Al observar el mapa, parecen estar al alcance de la mano. La distancia entre las Islas Malvinas y Río Gallegos es similar a la que hay entre San Juan y Córdoba. Están tan cerca, pero a la vez tan lejos. La brecha cultural es demasiado extrema como el clima malvinense. En las islas sobra el trabajo, y a pasar de que la vida no es barata, nadie pasa necesidades. Las construcciones son similares: casas de madera con techos a dos aguas muy coloridos. No existen las rejas y la inseguridad es algo tan ajeno para los isleños como el desempleo. Trabajan en equipo y se cuidan. Es algo similar a una fortaleza en la que cada uno de los 3.000 isleños se conoce a la perfección. Malvinas tiene menos habitantes que Zonda, el departamento sanjuanino con menor población de la provincia.

Allí no hay nada argentino. Todo está escrito en inglés y es una tarea imposible comprar un souvenir que no tenga la inscripción de Falkland. Decir “Malvinas” en Malvinas, puede ser una ofensa. Para los isleños el pueblo se llama Falkland Islands. Saben que los contingentes de excombatientes son una constante y son bien recibidos. Tanto así que el comisario del pueblo tiene por costumbre realizar una visita a los que llegan por primera vez. En una charla cortés explica qué se puede hacer y qué no. Si bien la circulación es libre, aclara que hay más de 88 sitios que están minados y que no es aconsejable desplegar banderas argentinas ante los isleños.
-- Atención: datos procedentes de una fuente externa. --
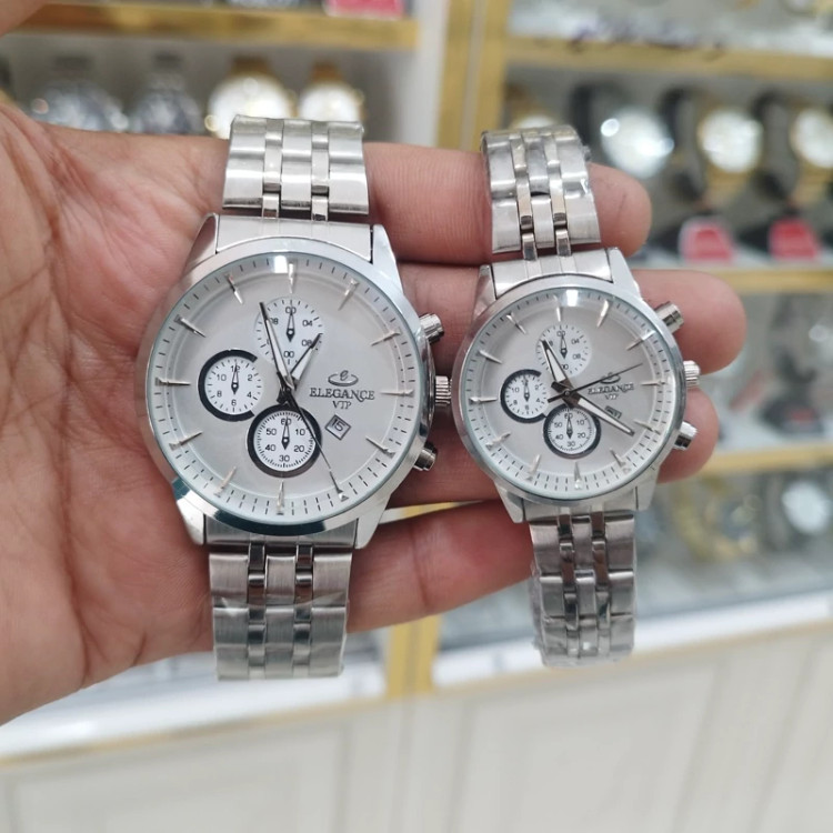 ساعت الگانس vip ست زنانه و مردانه تقویم دار طرح 3 موتور استیل رنگ ثابت ضد آب ارسال رایگان بادوتا جعبه ودوباتری اشانتیونـ
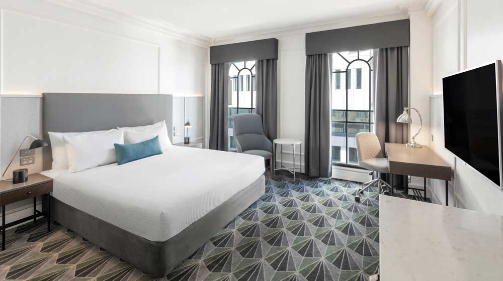 The Savoy Hotel on Little Collins has 163 guest rooms with plush furnishings in a classic palette of dove grey, blue, white and charcoal, with full-length mirrors and custom carpet featuring period motifs. Each bathroom has white subway tiles and chequerboard black-and-white tiled floors, contrasting with chrome tapware that reflect the heritage elements of the building.
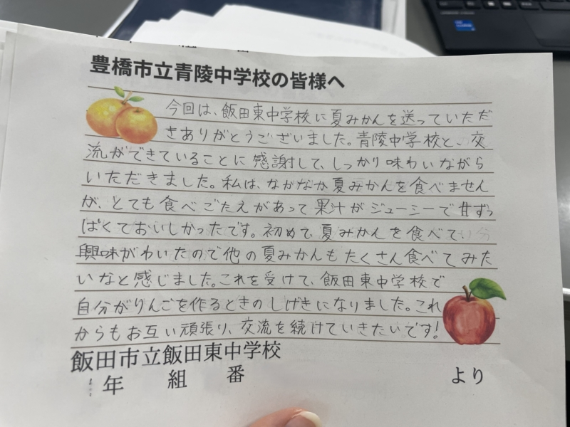 本校のりんご並木と豊橋市立青陵中学校の夏みかん並木には長いご縁があります。
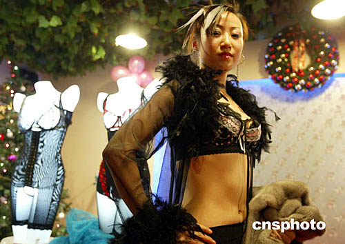 十二月二十五日圣誕節(jié),在北京寶兒金領(lǐng)生活館,一場(chǎng)別開生面的臺(tái)灣薇尼喬二零零五年新款內(nèi)衣秀為許多白領(lǐng)女性增添了生活樂趣。中新社記者:任海霞
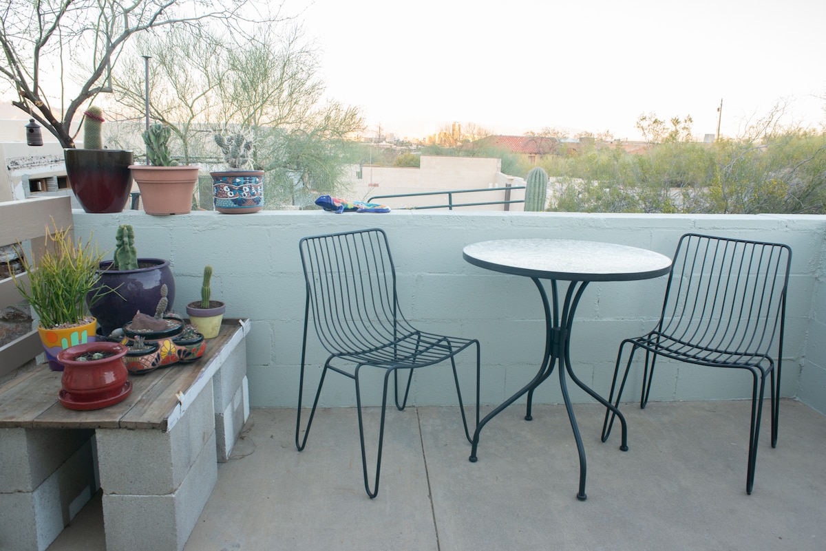 Vous recherchez le long terme ? ENTRÉE PRIVÉE paisible suite privée est une merveilleuse oasis en bordure du désert, calme et sereine. 5 minutes à 1-10, et randonnée Tumamoc, à 10 minutes de l'Université d'A et du centre-ville. Kitchenette entièrement équipée, salle de bain complète spacieuse et grande chambre. Rénové en 2018 avec un nouveau lit queen size « tout », un téléviseur HD 4K de 43", un grand placard. La cour paysagée dans le désert offre une vue sur la montagne, la ville et les patios. Quartier très calme. Un séjour préféré pour les voyageurs de longue et courte durée !
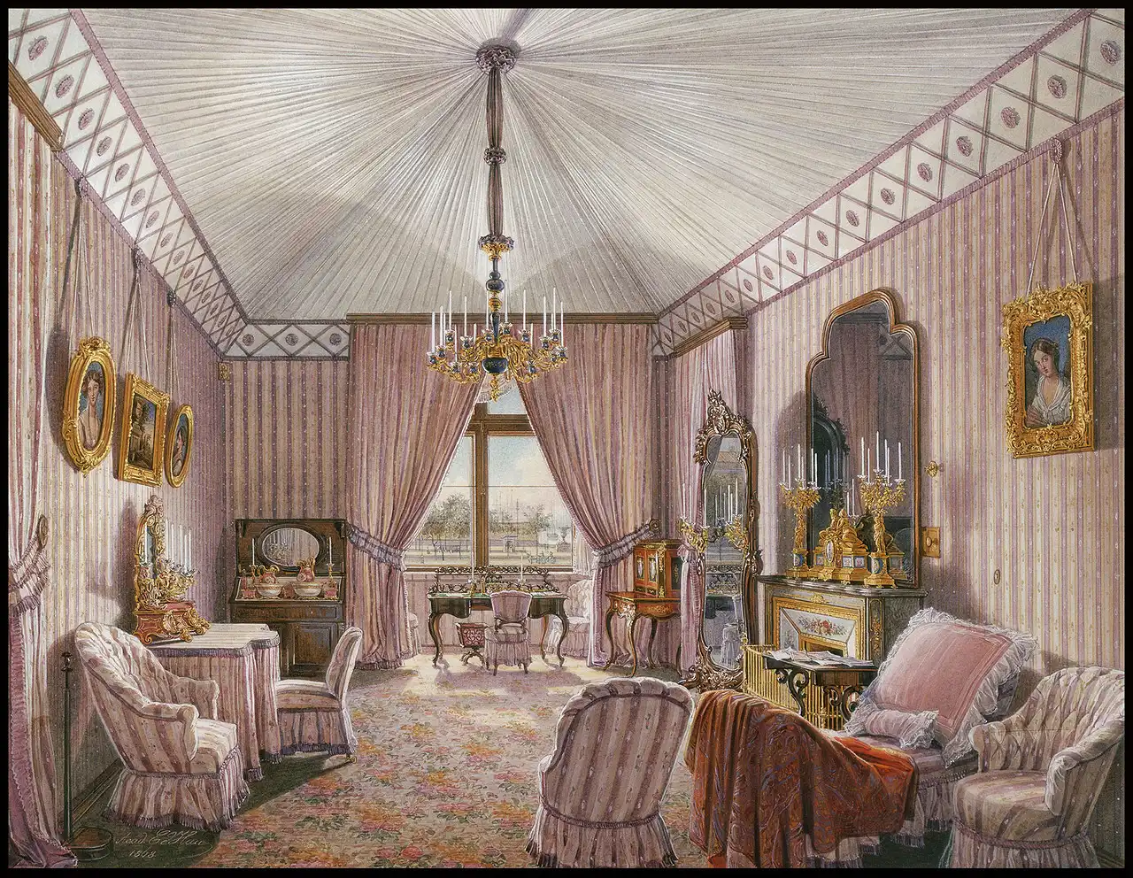 В истории живописи существует жанр изображения жилого, дворцового, церковного интерьера, зародившийся в голландском искусстве XVII веке (Питер Санредам, Эммануэл де Витте и др.) и фламандской живописи, но уходящий корнями в искусство Итальянского и Северного Возрождения XV - XVI вв. Декоративная роспись в интерьере и интерьер в живописи культивировались в первую половину XVII веке в эпоху Рококо, в искусстве Неоклассицизма второй половины XVIII века. В период Романтизма, особенно в английском искусстве, сформировался жанр портрета в интерьере.В России к изображению интерьера обращались в XIX веке художники венецианской школы. Интерьер часто играет большую роль в картинах на бытовые и исторические сюжеты.

Las calles son angostas y limpísimas. Casi no hay movimiento. Tampoco hay cines, teatros ni shopping. La jornada laboral comienza a las 8 y termina a las 5. Luego, es usual una pasada por el bar, ritual válido tanto para los hombres como para las mujeres. No existe la droga, pero el alcoholismo empieza a preocupar.

La educación es gratuita, al igual que la salud, y cuando se termina el ciclo básico de la secundaria, el Gobierno envía a los jóvenes a estudiar a Inglaterra. Malvinas atraviesa una bonanza económica. Los crecientes ingresos provienen de la pesca, que representa el 40%; la lana, el 10% y el turismo el otro 50%.